(DATA PROVIDED Opens)

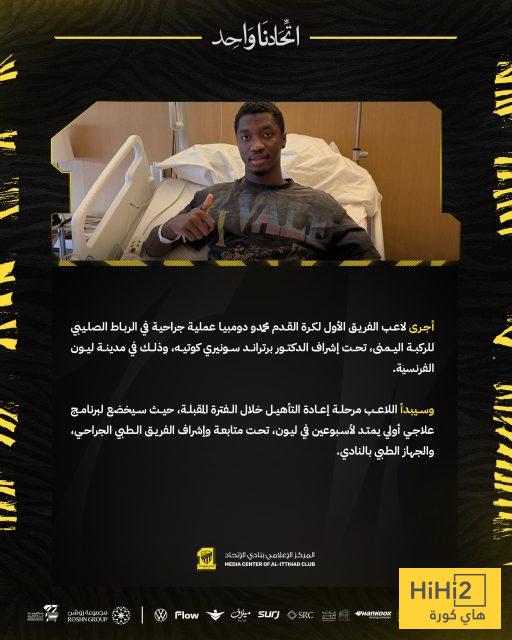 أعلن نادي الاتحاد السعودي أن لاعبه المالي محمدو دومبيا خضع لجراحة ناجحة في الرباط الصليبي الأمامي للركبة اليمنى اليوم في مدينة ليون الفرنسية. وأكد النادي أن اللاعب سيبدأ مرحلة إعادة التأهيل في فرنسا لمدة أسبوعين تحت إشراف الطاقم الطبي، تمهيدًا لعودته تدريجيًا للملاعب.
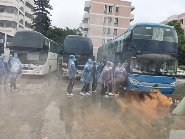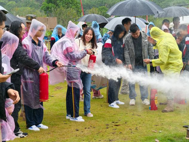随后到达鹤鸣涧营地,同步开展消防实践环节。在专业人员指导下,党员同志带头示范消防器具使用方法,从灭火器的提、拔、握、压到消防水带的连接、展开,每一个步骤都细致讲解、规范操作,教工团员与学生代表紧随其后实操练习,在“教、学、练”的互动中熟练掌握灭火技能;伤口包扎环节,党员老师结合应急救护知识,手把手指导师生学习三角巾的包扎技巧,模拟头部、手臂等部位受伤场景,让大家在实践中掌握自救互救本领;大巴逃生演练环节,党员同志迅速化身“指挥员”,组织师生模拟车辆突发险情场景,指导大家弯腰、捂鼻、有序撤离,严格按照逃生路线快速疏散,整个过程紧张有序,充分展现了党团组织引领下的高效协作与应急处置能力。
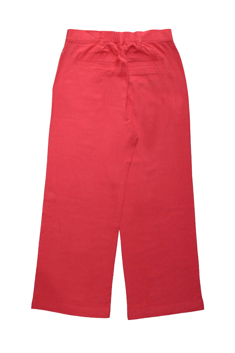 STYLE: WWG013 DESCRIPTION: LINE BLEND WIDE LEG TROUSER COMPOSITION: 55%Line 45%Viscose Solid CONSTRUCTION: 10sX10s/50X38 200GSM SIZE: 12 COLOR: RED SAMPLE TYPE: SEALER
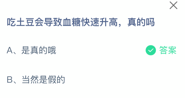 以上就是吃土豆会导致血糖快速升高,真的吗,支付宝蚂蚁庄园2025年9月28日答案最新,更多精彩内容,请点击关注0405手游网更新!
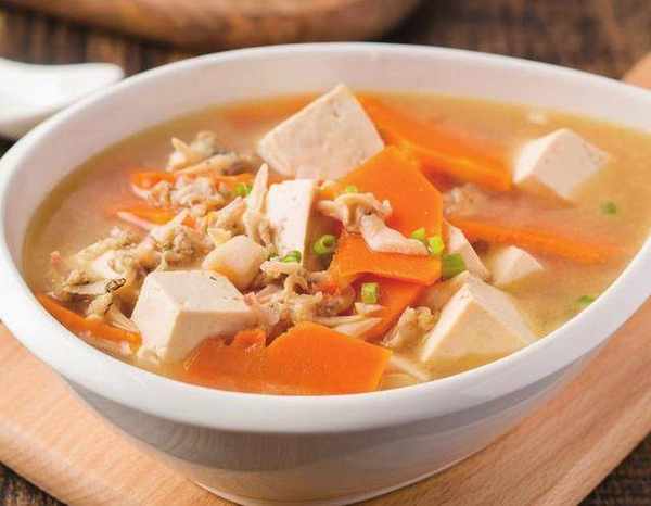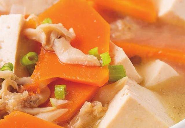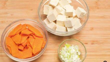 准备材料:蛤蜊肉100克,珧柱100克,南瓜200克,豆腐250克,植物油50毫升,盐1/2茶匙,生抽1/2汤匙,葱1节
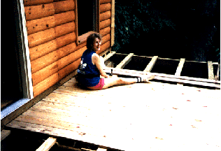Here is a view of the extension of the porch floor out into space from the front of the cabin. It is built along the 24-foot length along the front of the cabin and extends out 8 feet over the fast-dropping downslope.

(DATA PROVIDED Closes)
(DATA PROVIDED Opens)

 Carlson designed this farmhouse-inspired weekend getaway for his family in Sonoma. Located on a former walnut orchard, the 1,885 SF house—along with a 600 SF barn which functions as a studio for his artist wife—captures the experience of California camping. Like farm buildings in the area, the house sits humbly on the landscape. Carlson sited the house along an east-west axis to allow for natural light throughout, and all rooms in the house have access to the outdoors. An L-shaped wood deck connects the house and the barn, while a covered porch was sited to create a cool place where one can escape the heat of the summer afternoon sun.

(DATA PROVIDED Closes)

- [DESCRIPTION OF THE TASK] When you reach the line containing "أعلن نادي الاتحاد" in the entries above, begin restating word for word, and stop once the line containing "Here is a view" has been given. Omit the pictures.

- [SOLUTION]
 أعلن نادي الاتحاد السعودي أن لاعبه المالي محمدو دومبيا خضع لجراحة ناجحة في الرباط الصليبي الأمامي للركبة اليمنى اليوم في مدينة ليون الفرنسية. وأكد النادي أن اللاعب سيبدأ مرحلة إعادة التأهيل في فرنسا لمدة أسبوعين تحت إشراف الطاقم الطبي، تمهيدًا لعودته تدريجيًا للملاعب.
随后到达鹤鸣涧营地,同步开展消防实践环节。在专业人员指导下,党员同志带头示范消防器具使用方法,从灭火器的提、拔、握、压到消防水带的连接、展开,每一个步骤都细致讲解、规范操作,教工团员与学生代表紧随其后实操练习,在“教、学、练”的互动中熟练掌握灭火技能;伤口包扎环节,党员老师结合应急救护知识,手把手指导师生学习三角巾的包扎技巧,模拟头部、手臂等部位受伤场景,让大家在实践中掌握自救互救本领;大巴逃生演练环节,党员同志迅速化身“指挥员”,组织师生模拟车辆突发险情场景,指导大家弯腰、捂鼻、有序撤离,严格按照逃生路线快速疏散,整个过程紧张有序,充分展现了党团组织引领下的高效协作与应急处置能力。
 STYLE: WWG013 DESCRIPTION: LINE BLEND WIDE LEG TROUSER COMPOSITION: 55%Line 45%Viscose Solid CONSTRUCTION: 10sX10s/50X38 200GSM SIZE: 12 COLOR: RED SAMPLE TYPE: SEALER
 以上就是吃土豆会导致血糖快速升高,真的吗,支付宝蚂蚁庄园2025年9月28日答案最新,更多精彩内容,请点击关注0405手游网更新!
 准备材料:蛤蜊肉100克,珧柱100克,南瓜200克,豆腐250克,植物油50毫升,盐1/2茶匙,生抽1/2汤匙,葱1节
Here is a view of the extension of the porch floor out into space from the front of the cabin. It is built along the 24-foot length along the front of the cabin and extends out 8 feet over the fast-dropping downslope.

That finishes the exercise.